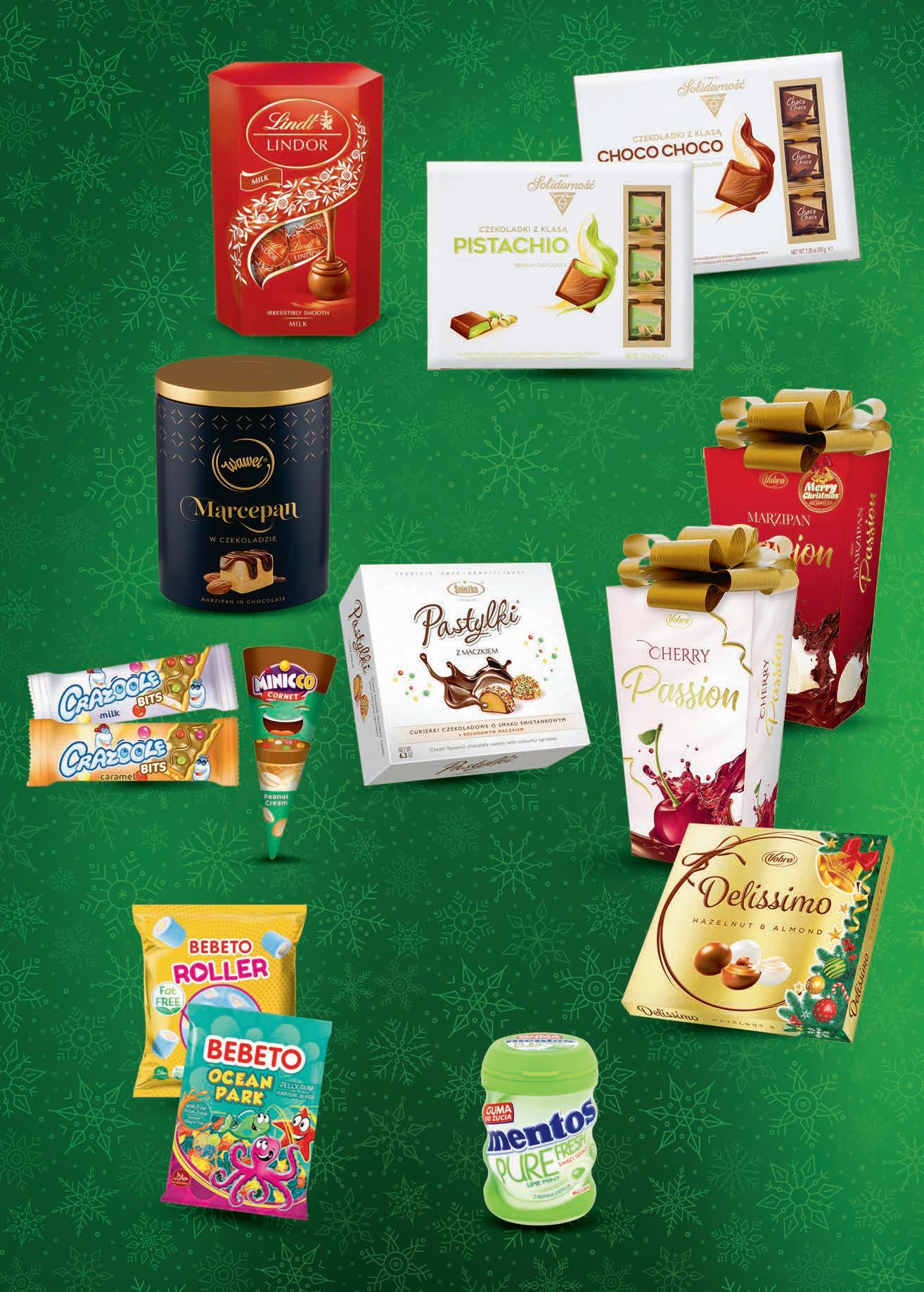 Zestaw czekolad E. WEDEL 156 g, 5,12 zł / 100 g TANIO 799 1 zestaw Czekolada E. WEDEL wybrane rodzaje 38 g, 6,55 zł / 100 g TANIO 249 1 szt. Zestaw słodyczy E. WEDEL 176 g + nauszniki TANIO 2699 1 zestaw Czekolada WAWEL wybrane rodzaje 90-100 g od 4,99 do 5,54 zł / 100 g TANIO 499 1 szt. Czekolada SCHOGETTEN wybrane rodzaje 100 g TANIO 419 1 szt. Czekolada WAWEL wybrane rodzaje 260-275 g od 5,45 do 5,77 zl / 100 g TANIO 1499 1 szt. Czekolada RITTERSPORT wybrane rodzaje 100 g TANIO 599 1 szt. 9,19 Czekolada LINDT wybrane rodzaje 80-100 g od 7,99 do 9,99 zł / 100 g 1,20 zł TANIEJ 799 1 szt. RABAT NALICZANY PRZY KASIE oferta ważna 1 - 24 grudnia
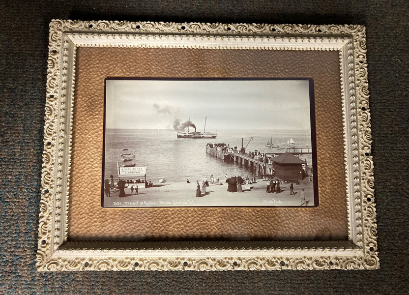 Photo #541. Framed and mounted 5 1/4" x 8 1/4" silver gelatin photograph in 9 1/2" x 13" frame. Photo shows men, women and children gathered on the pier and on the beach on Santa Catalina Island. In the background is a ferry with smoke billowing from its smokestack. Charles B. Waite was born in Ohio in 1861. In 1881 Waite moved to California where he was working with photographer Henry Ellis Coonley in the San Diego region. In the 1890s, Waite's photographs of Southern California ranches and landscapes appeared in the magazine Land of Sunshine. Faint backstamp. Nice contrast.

☆ ☆ ☆ ☆

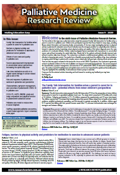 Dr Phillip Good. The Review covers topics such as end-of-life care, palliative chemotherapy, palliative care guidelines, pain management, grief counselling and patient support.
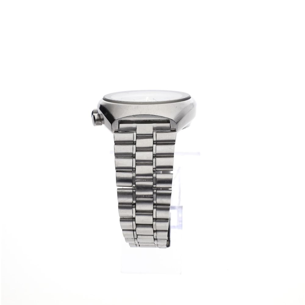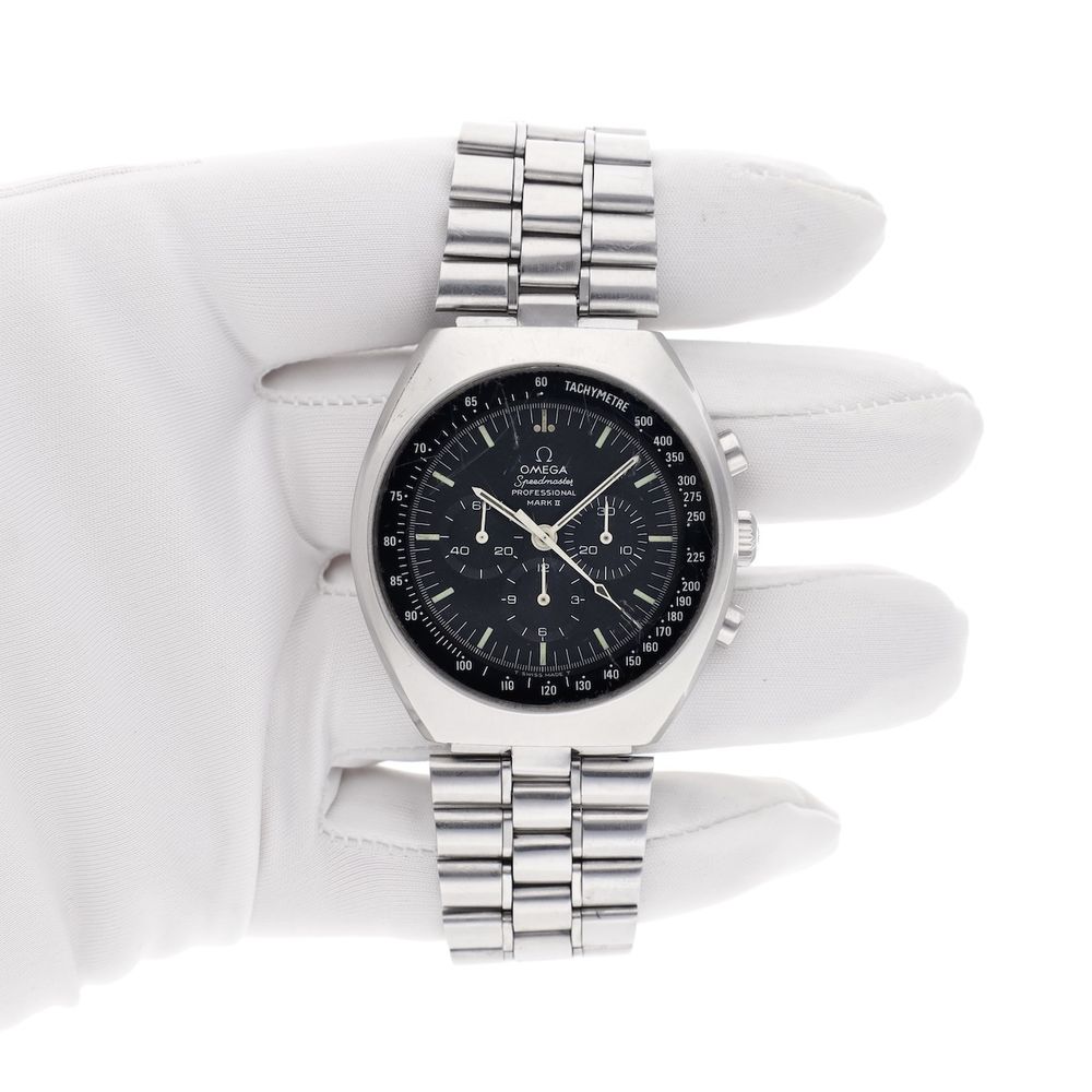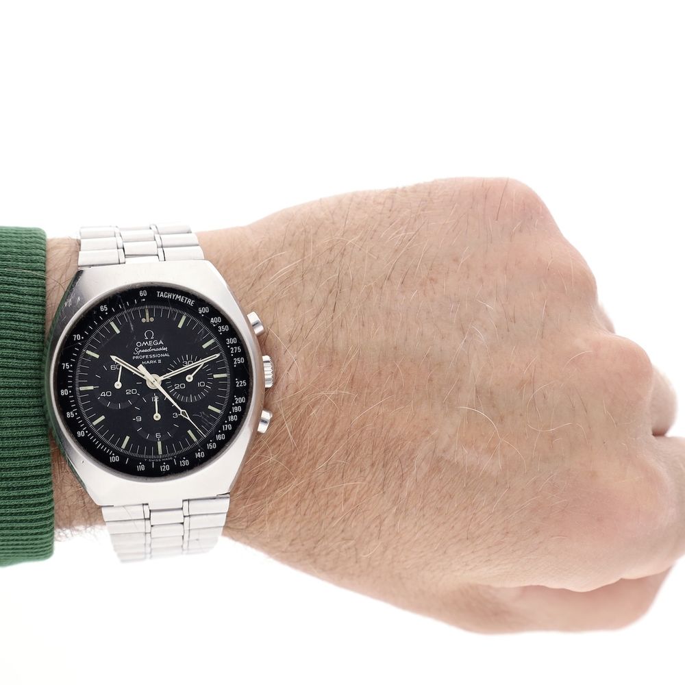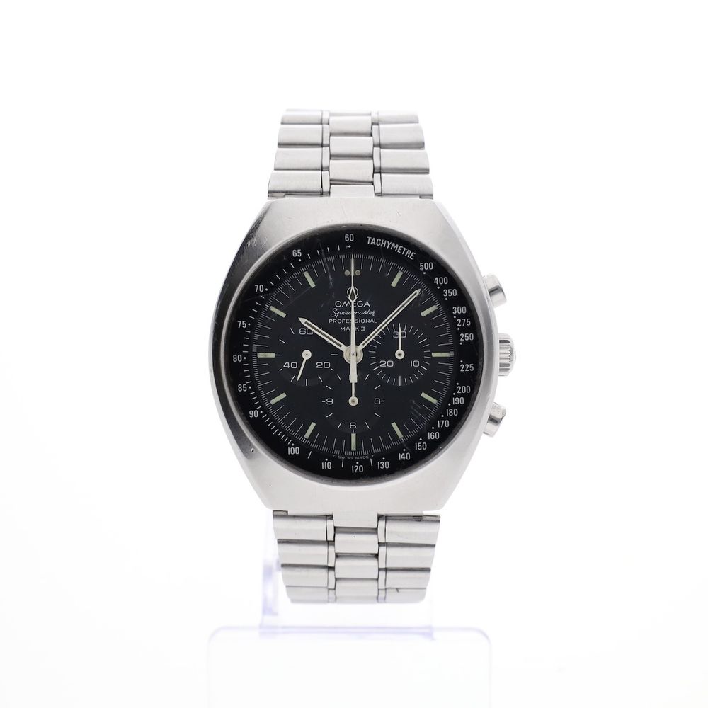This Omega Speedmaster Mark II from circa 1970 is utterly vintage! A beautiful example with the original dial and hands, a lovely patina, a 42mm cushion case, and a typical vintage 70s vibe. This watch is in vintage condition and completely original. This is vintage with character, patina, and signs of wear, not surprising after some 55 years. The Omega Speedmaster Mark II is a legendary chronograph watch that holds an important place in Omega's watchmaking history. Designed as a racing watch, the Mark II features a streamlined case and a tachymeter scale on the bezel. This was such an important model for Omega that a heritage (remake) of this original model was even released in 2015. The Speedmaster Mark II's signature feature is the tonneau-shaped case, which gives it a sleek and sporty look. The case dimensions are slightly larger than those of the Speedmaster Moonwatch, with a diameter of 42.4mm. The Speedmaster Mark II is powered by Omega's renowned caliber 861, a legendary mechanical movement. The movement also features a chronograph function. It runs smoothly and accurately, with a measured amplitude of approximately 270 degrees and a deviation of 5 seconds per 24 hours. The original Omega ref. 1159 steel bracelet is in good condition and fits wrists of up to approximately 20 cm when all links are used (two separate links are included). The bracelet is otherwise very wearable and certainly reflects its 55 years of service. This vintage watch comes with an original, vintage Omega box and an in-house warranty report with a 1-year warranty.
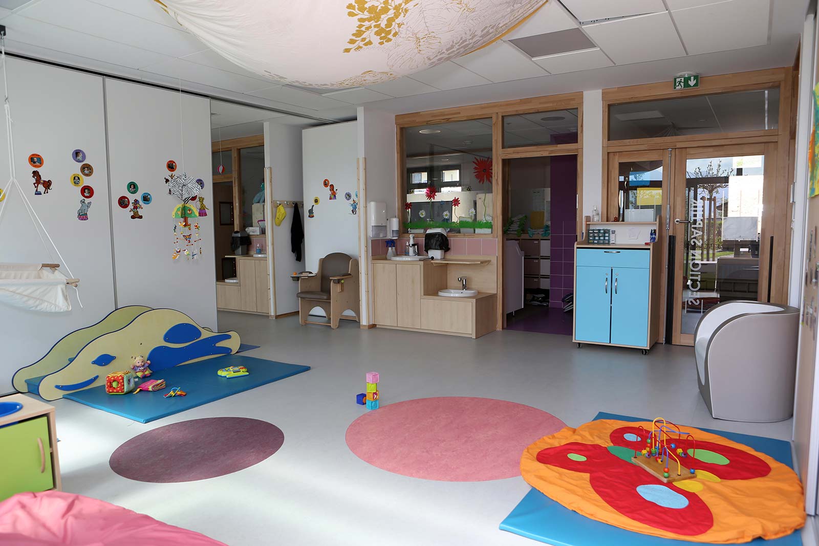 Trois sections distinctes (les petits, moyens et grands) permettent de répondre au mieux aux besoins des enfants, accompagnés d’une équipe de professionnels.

☆ ☆ ☆ ☆

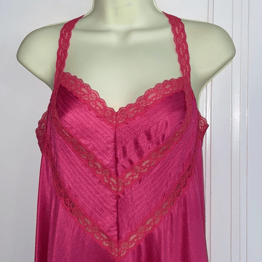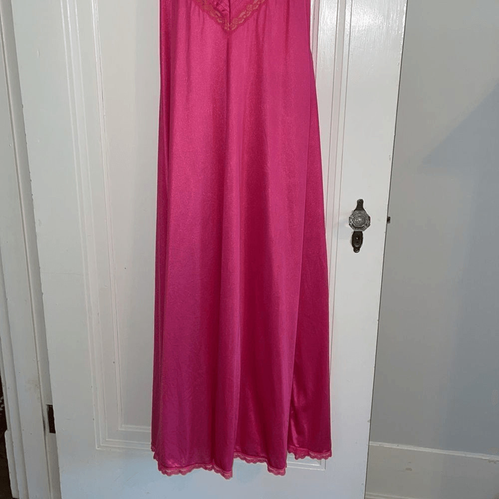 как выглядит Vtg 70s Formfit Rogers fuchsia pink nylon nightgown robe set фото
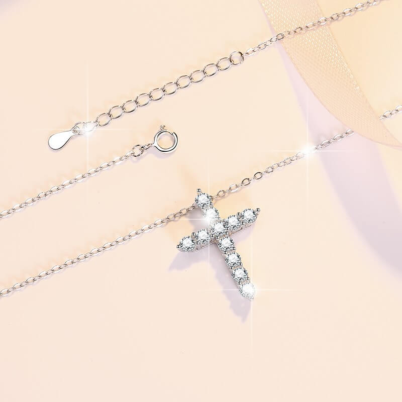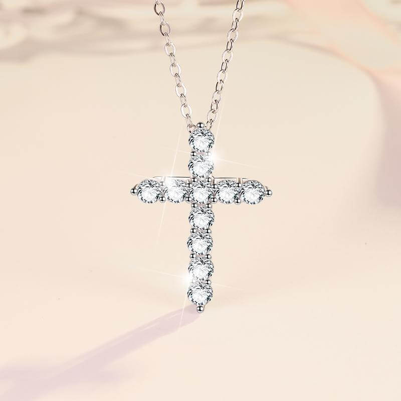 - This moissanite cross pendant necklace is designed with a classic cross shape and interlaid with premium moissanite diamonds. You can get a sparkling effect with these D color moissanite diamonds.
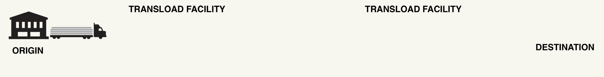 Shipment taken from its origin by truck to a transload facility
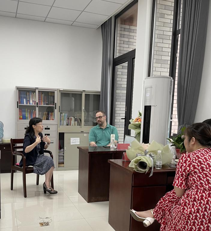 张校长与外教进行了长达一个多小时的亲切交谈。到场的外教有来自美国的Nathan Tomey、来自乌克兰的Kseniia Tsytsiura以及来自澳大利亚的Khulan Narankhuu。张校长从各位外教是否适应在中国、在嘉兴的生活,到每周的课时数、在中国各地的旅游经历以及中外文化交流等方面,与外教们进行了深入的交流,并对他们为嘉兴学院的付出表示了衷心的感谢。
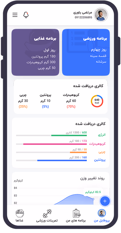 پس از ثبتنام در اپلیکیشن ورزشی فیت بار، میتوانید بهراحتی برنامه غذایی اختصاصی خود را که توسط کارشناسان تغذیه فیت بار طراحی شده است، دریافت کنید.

☆ ☆ ☆ ☆

■ Instructions to follow
Only the lines above starting with the line with "Zestaw czekolad E." and going on through the line with "Photo #541. Framed" belong in the answer; repeat them exactly, minus any picture.

■ Solution below
 Zestaw czekolad E. WEDEL 156 g, 5,12 zł / 100 g TANIO 799 1 zestaw Czekolada E. WEDEL wybrane rodzaje 38 g, 6,55 zł / 100 g TANIO 249 1 szt. Zestaw słodyczy E. WEDEL 176 g + nauszniki TANIO 2699 1 zestaw Czekolada WAWEL wybrane rodzaje 90-100 g od 4,99 do 5,54 zł / 100 g TANIO 499 1 szt. Czekolada SCHOGETTEN wybrane rodzaje 100 g TANIO 419 1 szt. Czekolada WAWEL wybrane rodzaje 260-275 g od 5,45 do 5,77 zl / 100 g TANIO 1499 1 szt. Czekolada RITTERSPORT wybrane rodzaje 100 g TANIO 599 1 szt. 9,19 Czekolada LINDT wybrane rodzaje 80-100 g od 7,99 do 9,99 zł / 100 g 1,20 zł TANIEJ 799 1 szt. RABAT NALICZANY PRZY KASIE oferta ważna 1 - 24 grudnia
 Photo #541. Framed and mounted 5 1/4" x 8 1/4" silver gelatin photograph in 9 1/2" x 13" frame. Photo shows men, women and children gathered on the pier and on the beach on Santa Catalina Island. In the background is a ferry with smoke billowing from its smokestack. Charles B. Waite was born in Ohio in 1861. In 1881 Waite moved to California where he was working with photographer Henry Ellis Coonley in the San Diego region. In the 1890s, Waite's photographs of Southern California ranches and landscapes appeared in the magazine Land of Sunshine. Faint backstamp. Nice contrast.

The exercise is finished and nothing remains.